Supplied information:
#####

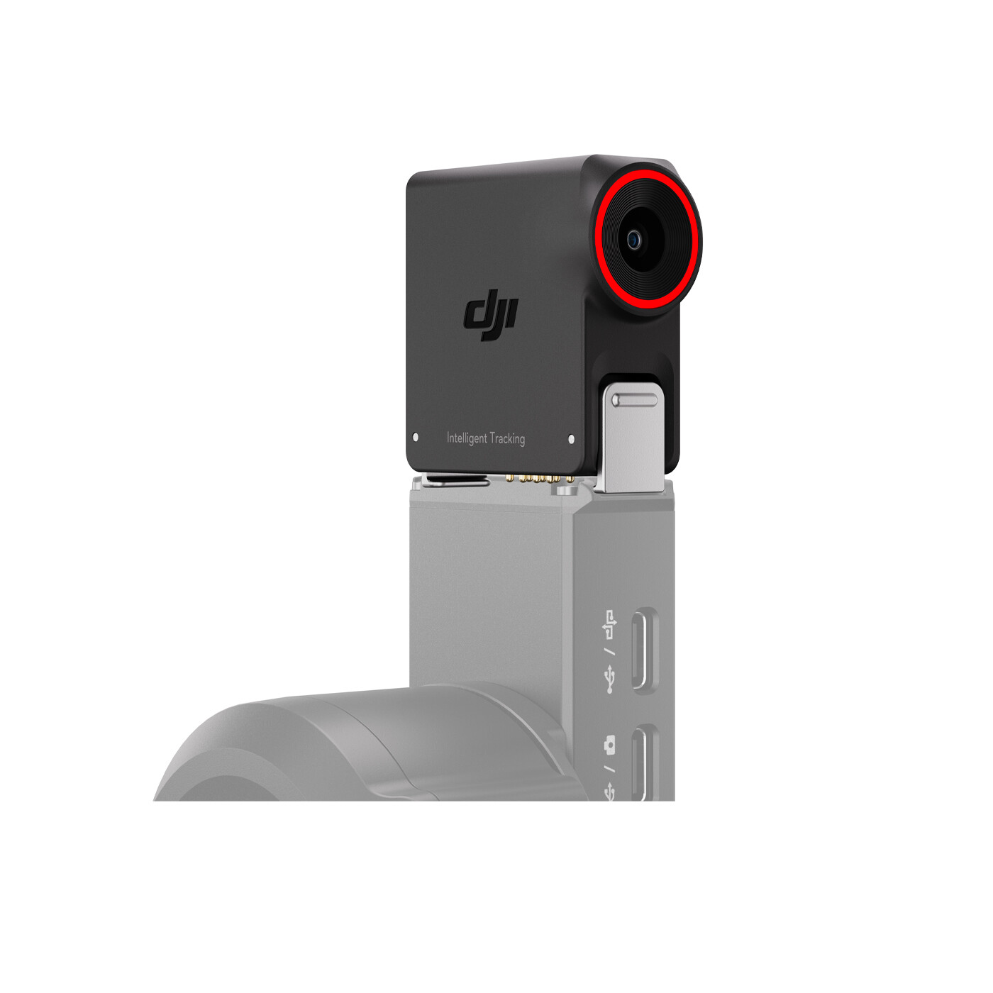 Bunden af RS tracking-modulet benytter et magnetisk låsedesign. Tryk på låsene og fastgør det øjeblikkeligt til DJI RS 5 eller DJI RS 4 Mini. Med Adapter Mount kan det også monteres og bruges med DJI RS 4 Pro eller DJI RS 4. Bemærk, at brug af Adapter Mount optager gimbalens RSS-port, så kamerakontrol-kablet ikke kan anvendes.
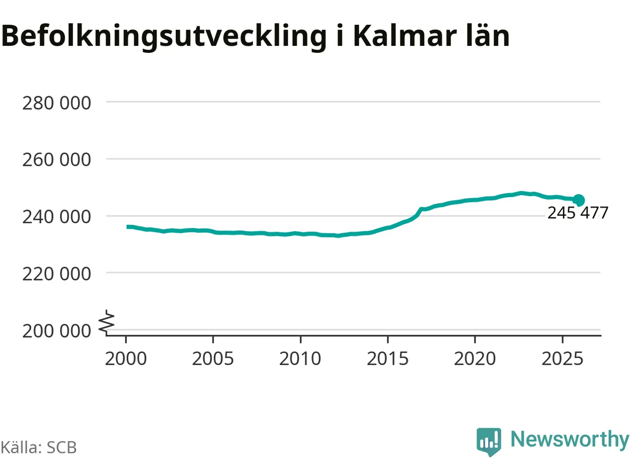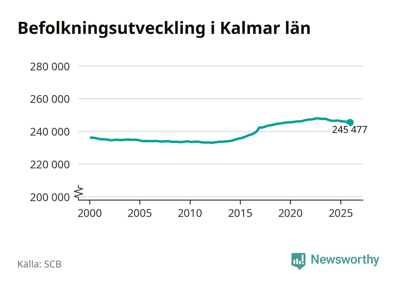 Jämfört med för ett år sedan har befolkningen i Kalmar län minskat med ungefär 880 personer. Sedan millennieskiftet har folkmängden ökat med runt 9 470 personer, eller fyra procent.
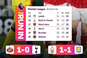 著名數(shù)據(jù)機(jī)構(gòu)Opta的超級(jí)計(jì)算機(jī)演算結(jié)果顯示,熱刺目前的降級(jí)概率達(dá)到了46.5%,比西漢姆聯(lián)(36.03%)高出了10個(gè)百分點(diǎn)。森林和利茲聯(lián)的降級(jí)概率則不到10%。

#####

Exercise objective: Write out the data above in full and exactly, but without the pictures.

The completed task:
 Bunden af RS tracking-modulet benytter et magnetisk låsedesign. Tryk på låsene og fastgør det øjeblikkeligt til DJI RS 5 eller DJI RS 4 Mini. Med Adapter Mount kan det også monteres og bruges med DJI RS 4 Pro eller DJI RS 4. Bemærk, at brug af Adapter Mount optager gimbalens RSS-port, så kamerakontrol-kablet ikke kan anvendes.
 Jämfört med för ett år sedan har befolkningen i Kalmar län minskat med ungefär 880 personer. Sedan millennieskiftet har folkmängden ökat med runt 9 470 personer, eller fyra procent.
 著名數(shù)據(jù)機(jī)構(gòu)Opta的超級(jí)計(jì)算機(jī)演算結(jié)果顯示,熱刺目前的降級(jí)概率達(dá)到了46.5%,比西漢姆聯(lián)(36.03%)高出了10個(gè)百分點(diǎn)。森林和利茲聯(lián)的降級(jí)概率則不到10%。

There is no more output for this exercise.